Background
Proteins are the blueprint of life and proteins are the machinery of life. Nucleic acid sequences contain vital information, while proteins perform various important tasks in the body of a human, such as catalysis of biochemical reactions, transport of nutrients, control of growth and differentiation, identification and transmission of biological signals, and the like. Proteins have different lengths, different amino acid arrangements and different spatial structures, and experimental analysis shows that proteins can form specific structures.
The structural significance of protein research is great, and the analysis of protein structure, function and relationship is an important component in proteome planning. Studying protein structure helps to understand the role of a protein, to understand how a protein performs its biological functions, and to recognize the interaction between a protein and a protein (or other molecule), which is very important both for biology and for medicine and pharmacy. However, what determines the spatial structure of the protein? When the spatial structure of a protein is disrupted, or the protein unfolds, it can recover its natural folded structure. A large number of experimental results prove that: the structure of a protein is determined by the protein sequence. Although another factor that affects the spatial structure of proteins is the solution environment in which the protein molecule is located, information that determines the structure of the protein is encoded within the amino acid sequence. However, can such code be deciphered? Or whether the spatial structure of a protein can be predicted directly from the amino acid sequence? Although the structure of a protein is generally thought to be determined by its amino acid sequence, our current indications are not sufficient to accurately predict the tertiary structure of a protein.
The existing experimental methods for predicting the protein structure mainly comprise methods such as X-ray, nuclear magnetic resonance, cryoelectron microscope and the like, but the methods are expensive and long in time consumption, and under the double promotion of theoretical requirements and practical application, the method for predicting the protein structure by using an amino acid sequence and a computer optimization method is adopted, wherein the de novo prediction method has the defects of poor prediction precision and insufficient sampling capability.
Therefore, the invention provides a group protein structure prediction method based on secondary structure fragment assembly, so that the problems of insufficient prediction precision and sampling capability in the existing protein structure prediction method are solved.
Disclosure of Invention
In order to overcome the defects of insufficient sampling capability and prediction accuracy of the conventional protein structure prediction method, the invention provides a group protein structure prediction method based on secondary structure fragment assembly, which designs the fragment assembly based on the secondary structure, samples protein conformations with energy and structures closer to natural states through Loop-based information interaction and the secondary structure-based fragment assembly, improves the sampling capability, and changes the structures of Loop regions through small disturbance given to the Loop regions of the conformations, thereby effectively improving the problem of low protein structure prediction accuracy caused by inaccuracy of energy functions.

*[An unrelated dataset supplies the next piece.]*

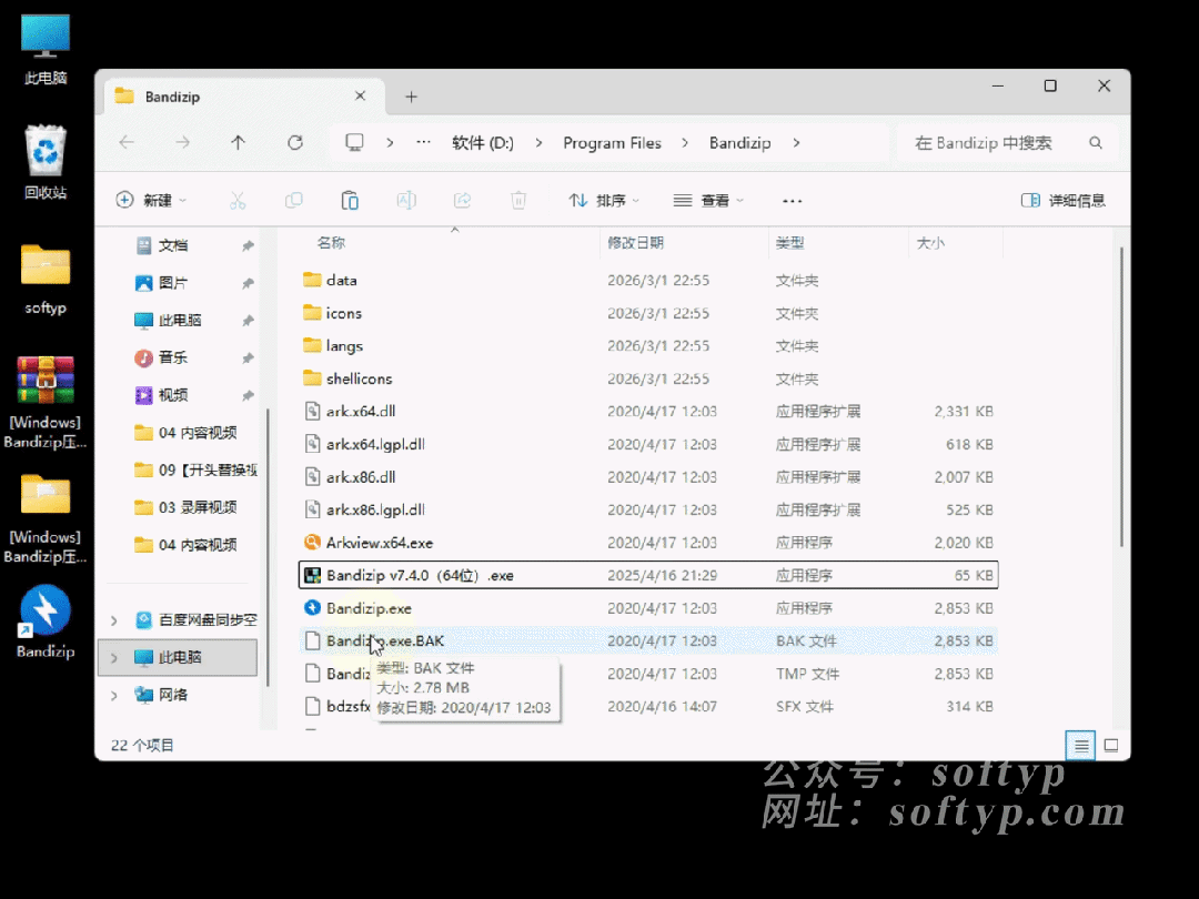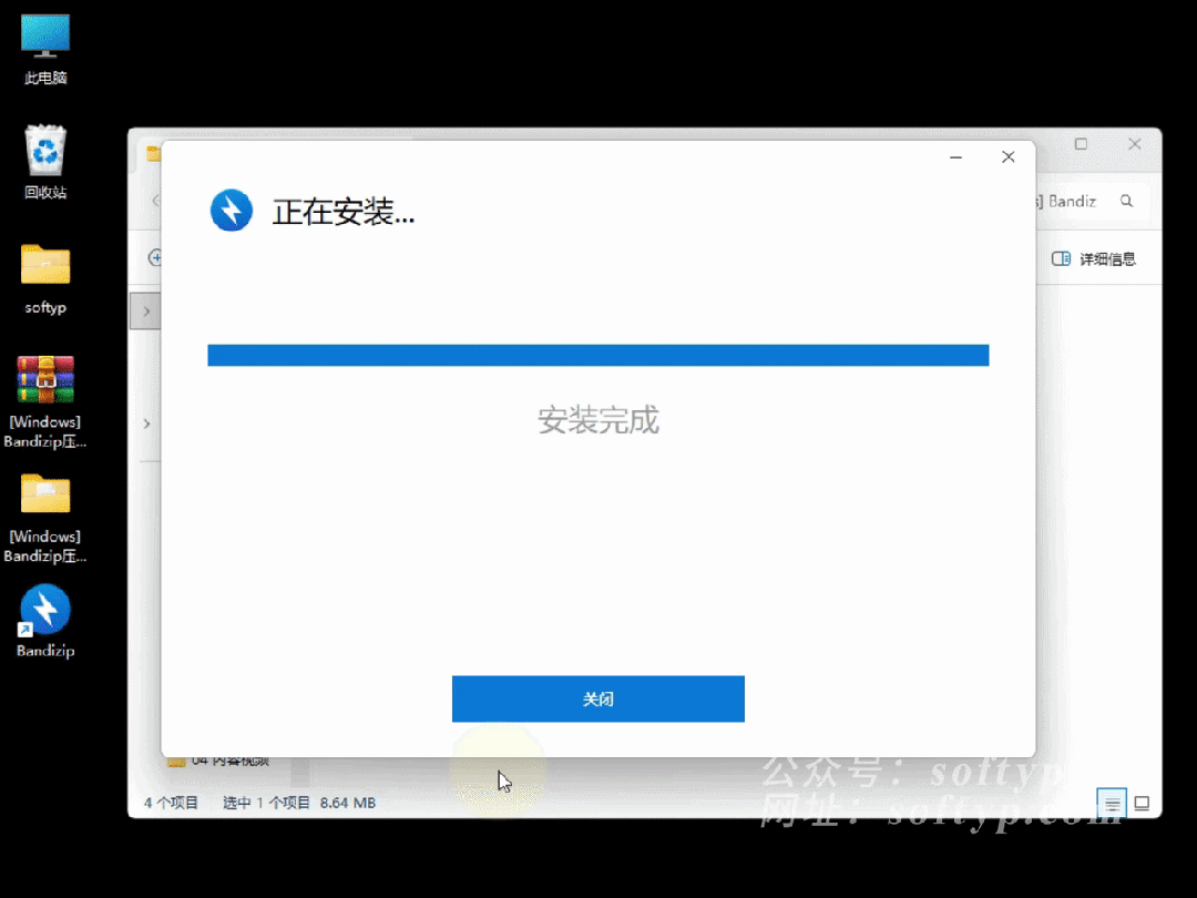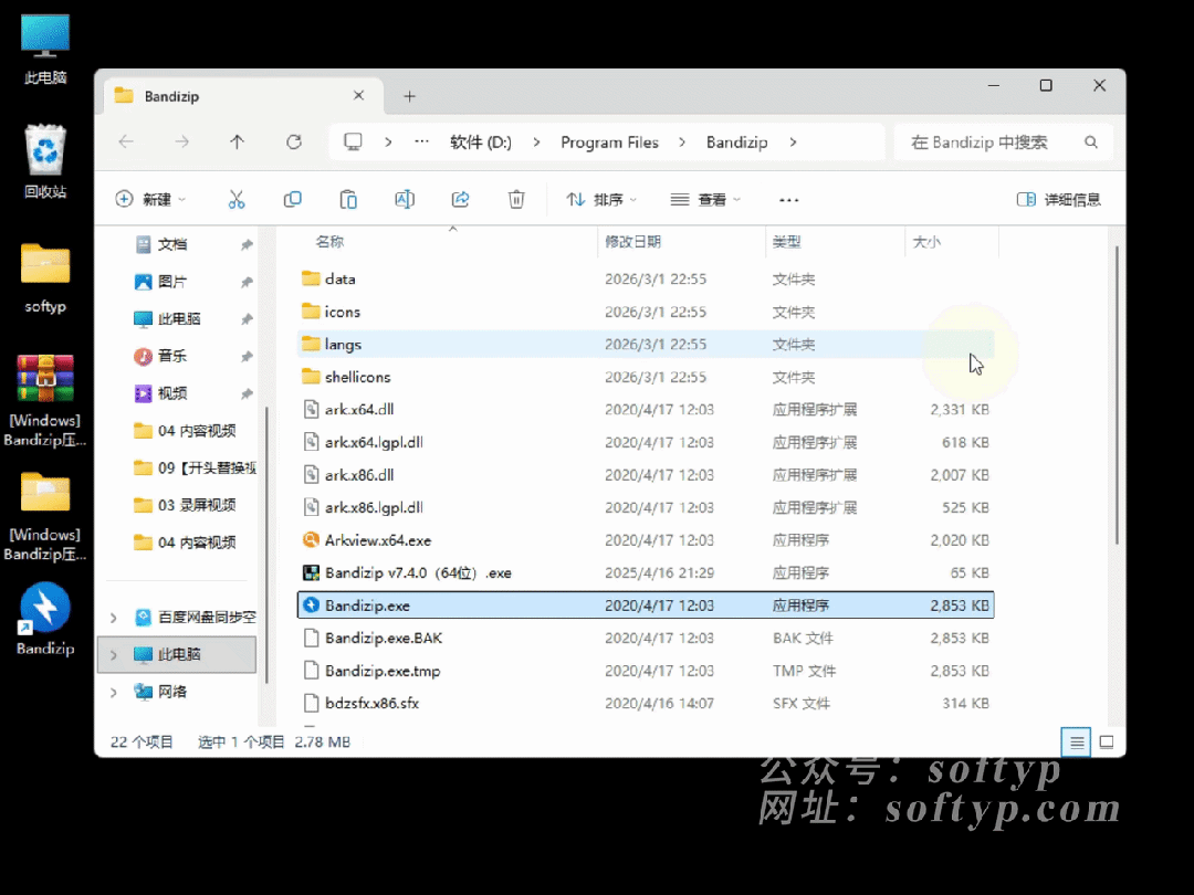 鼠标右键点击【Bandizip】桌面图标➡️点击【打开文件所在的位置】

The technical scheme adopted by the invention for solving the technical problems is as follows:
a method for population protein structure prediction based on secondary structure fragment assembly, the method comprising the steps of:
1) setting parameters, and the process is as follows:
reading sequence information of a target protein, fragment library information, and setting a population position ═ p of a protein conformation1,p2,...,pi,...,pnWhere n is the population size, piRepresenting the ith individual of the population, the iteration number is G, and the maximum iteration number is GmaxThe information interaction probability R and the sequence length are L;
2) population initialization, the process is as follows:
replicating these linear chains to give n initial population of individuals based on the initial linear chains of the protein conformation, using a fragment of length 9 for each individual p in the populationiFragment assembly is performed until the residue types at all positions are replaced at least once;
3) and (3) interacting population information, wherein the process is as follows:
for each individual p in the populationiJudging whether the individual carries out population interaction according to the information interaction probability, and randomly selecting another individual p from the population if the population interaction is carried outjWhere i ≠ j, randomly choosing piOne Loop region of the conformation, with pjExchanging dihedral angle information in corresponding area of conformation, and obtaining two new individuals p after information interactioni′,pjIf the population interaction is not carried out, carrying out the step 3) on the next individual in the population to finish the information interaction of all the individuals in the population;
4) assembling population fragments based on secondary structure, wherein the process is as follows:
for individual pi′,i∈[1,NP]Performing 9-segment fragment assembly, judging after each fragment assembly, and if the region of the fragment assembly comprises residues of the Loop region, replacing the information of the current Loop region residues with the residue information of the Loop region in the conformation before the fragment assembly to obtain the individual piAssembling all individuals in the population by fragments based on a secondary structure;
5) and (3) disturbing the Loop area, wherein the process is as follows:
for individual pi″,i∈[1,NP]Perturbing the Loop region, and finely adjusting the dihedral angle of each residue of the conformation Loop region within an angle range of +/-2 to obtain an individual piAfter the disturbance process, the individuals before and after the disturbance are respectively evaluated by using an energy function to obtain EiAnd Ei', if Ei<Ei', then jump back to step 4) to re-assemble the segments, if Ei>Ei', ending the variation operation and obtaining a new individual;
6) the population is selected using an energy function, as follows:
firstly, combining an initial population and a disturbed population into a new population with the population size of 2 x n, then calculating the energy of individuals of the new population according to an energy function, sequencing the combined population according to the energy level, selecting the first n individuals with low energy as the selected population individuals, and finally setting G + 1;
7) judging whether the maximum iteration number G is reachedmaxAnd if the conditions are met, stopping iteration and outputting the information of the population individuals of the last generation, otherwise, returning to the step 3).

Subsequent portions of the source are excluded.